If you have an older child, they will be eager to know how unemployment will affect their lives. Hence, expect questions such as “Will we be homeless soon?” and “Can we still order dinner?” Don’t be dramatic and reassure them about the things that will stay the same or change. Tell them that you are willing to share news with them and answer their queries.

Be frank with your teen about your financial situation and how about how you are working things out in a collegiate manner. Avoid demeaning ideas from your teen such as starting a YouTube channel. Be sure to take their suggestions with an open mind.

3.     Admit That You Don’t Have All the Answers

During these trying times, your child wants to know whether you can stay in the same line of work or how long it will take for you to get another job, said Amy Morin, LCSW of Verywell Family, a website that publishes content about parenting, pregnancy, and kids’ health. 

Acknowledge their questions and say, “I don’t know the answer to that right now, but I’m glad you asked. It’s a good question.” However, avoid saying that you will never find a job that pays good or any negative predictions about the situation. Again, it is recommended to focus on what you are trying to do to deal with job loss.

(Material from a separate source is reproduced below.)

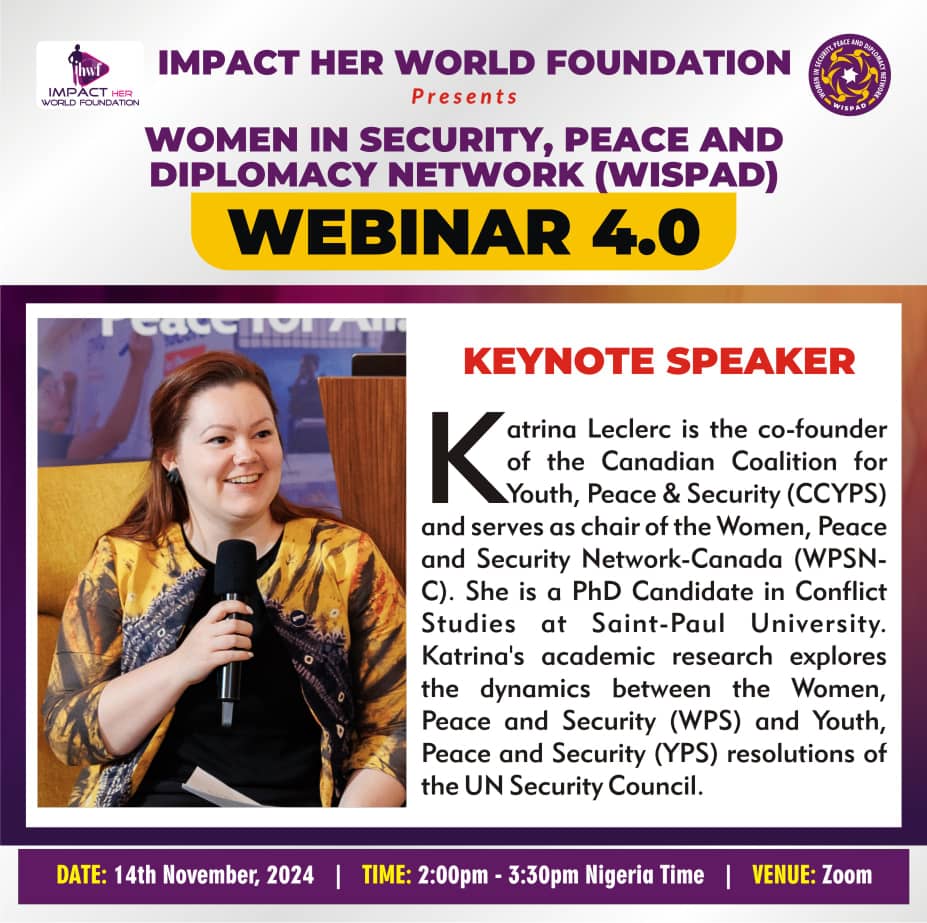 Moderated by - Ms Nkechika Ibe, founder and director, of Impact Her World Foundation and Chair of Women in Security Peace and Diplomacy Network (WISPAD)

4.     Respect Your Child’s Disappointments

Respect their disappointment without being defensive. Your child may get angry at you or give you the cold shoulder. It’s not your fault that the pandemic caused mass unemployment. Take your little one’s disappointment as a sign that they trust you being strong enough to absorb their disappointments.

5.     Don’t Make Promises You Can’t Keep

Don’t make wishful predictions like allowing your child to go to camp for eight weeks the following summer. It is possible but we don’t know when everything will go back to normal. Be honest and honor promises you can keep. If your child insists on going to camp (if it’s open), for example, you can say that you will not be able to pay for it. However, you can tell your child that they can help you pitch a tent in the backyard and sleep there.

No one knows when things will go back to normal. For kids, that would mean missing out on camping and other leisurely activities. The pandemic also caused massive job loss, causing parents to reduce their spending. Parents should be honest about it and acknowledge their child’s feelings.